Wenn Horst Forster zu erzählen beginnt, dann holt er aus, und zwar weit: „Es war im Jahr 1968“, beginnt er vor der 31. Zivilkammer am Landgericht München I, da sei er von der DDR aus „von Berlin nach Mexico-City geflogen, zur Olympiade“. Nun ist der ältere Herr kein Sportler, sondern Musiker, genauer gesagt Klarinettist. Er und seine Ehefrau, eine Violinistin, spielten im Chemnitzer Orchester „Robert-Schumann-Philharmonie“. Gut, zu weit ausgeholt, jedenfalls sollte Forster in Mexiko musizieren. Und der Flieger nahm den Luftkorridor über Grönland und Island – und Horst Forster schmolz beim Anblick der Eislandschaften nur so dahin.
„Zu DDR-Zeiten war es nicht möglich, nach Grönland zu reisen“, erzählt er weiter. Aber jetzt, jetzt war die Zeit gekommen. Island und Grönland standen auf dem Programm, davon sollte das Kreuzfahrtschiff eine Woche lang grönländische Häfen anlaufen. Aber noch bevor die Sachsen im Sommer 2024 in See stechen konnten, kam vom Veranstalter der Hinweis, dass der Seeweg nach Ilulissat gesperrt sei. Die Stadt am Ilulissat Eisfjord, auf der Liste des Unesco-Welterbes zu finden, war also eingeeist. „Aber wir wurden in dem Glauben gelassen, dass der Rest stattfinden wird.“
An Bord dann habe man ihnen weisgemacht, dass zumindest der malerische Prins Christian Sund befahrbar sein werde, „aber auch das war nicht möglich“, berichtet der Kläger. Und die Ersatzstadt, die anstelle von Ilulissat besichtigt werden sollte, sei auch gestrichen worden.
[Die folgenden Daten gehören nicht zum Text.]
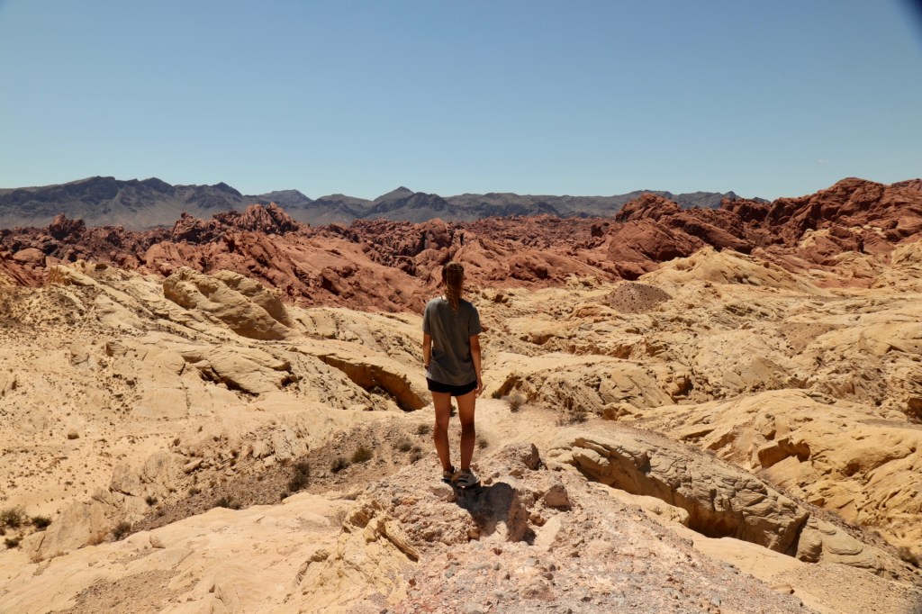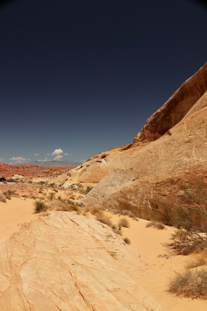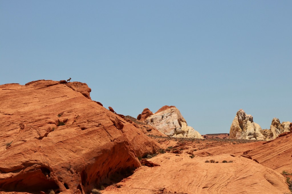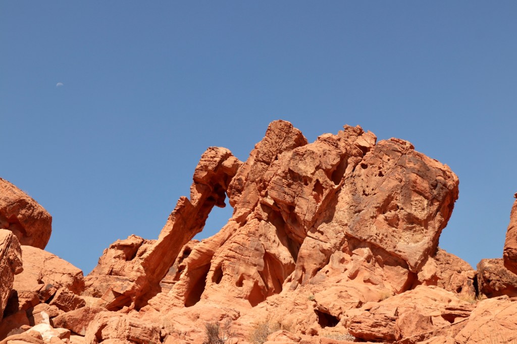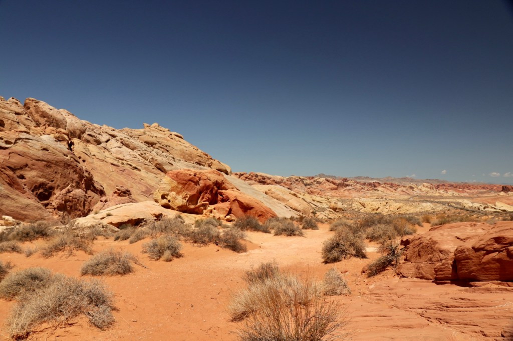 Aber das Valley of Fire hat ja mehr zu bieten, als diesen Elephant Rock. Also ging es weiter zum nächsten Viewpoint bzw. Ausgangspunkt für eine klitzekleine Wanderung von 2 Kilometern. Dieses Mal schafften wir jedoch nur rund dreihundert Meter, dann waren wir so erhitzt, dass wir freiwillig aufgaben. Wenn man Angst haben muss, dass man einfach so verglüht wie eine Sternschnuppe, ist es einfach vernünftiger umzukehren und sich ins fahrende Gefrierfach zu legen. Also genossen wir ab jetzt nur noch die Viewpoints, die direkt am Parkplatz lagen. Alle anderen Wanderwege waren eh gesperrt wegen der Hitze. Was mich aus Fotografensicht zwar ärgerte, aber mich als Mutter eher beruhigte.

Am Ende war der einzige Ort auf Grönland, den die Sachsen sahen, die Hauptstadt Nuuk. „Ein paar bunte Häuschen und eine Holzkirche, die geschlossen war“, beschreibt Forster den Landausflug. Dann seien fünf Seetage bis Reykjavík gefolgt. „Da braucht man nur einen Tag normalerweise.“ Das sei ihnen „fast wie im Gefängnis“ vorgekommen. „Wir haben künstlerische Berufe und das Kulturangebot an Bord war nicht so toll.“
Nun sitzt das Ehepaar mit Anwalt Claus Appel vor Gericht und will einen Teil des Reisepreises rückerstattet haben. „Island kannten wir ja schon, wir haben die Reise wegen Grönland gemacht“, sagt Forster. Die Gegenseite argumentiert, dass vorab schon bekannt gewesen sei, dass bestimmte Ziele nicht erreichbar seien. Und die Eisverhältnisse seien jetzt nicht die Schuld des Veranstalters. „Aber“, kontert Forster, „in Nuuk hat uns eine Verkäuferin gefragt, warum wir jetzt kämen, wo doch die Eisverhältnisse so schlimm seien“. Und dann traf Forster daheim noch auf einen Mann, der kurz nach ihnen dieselbe Kreuzfahrt gebucht hatte. Auch diese Reise habe stattgefunden, auch dieser Mann sei enttäuscht worden.
Rechtsanwalt John Mieler, der MSC Cruises vertritt, zeigt sich in der Güteverhandlung entgegenkommend und bietet als Vergleichszahlung 4600 Euro an. Dem stimmen die Forsters zu. Vielleicht kommen sie irgendwann ja doch noch nach Grönland.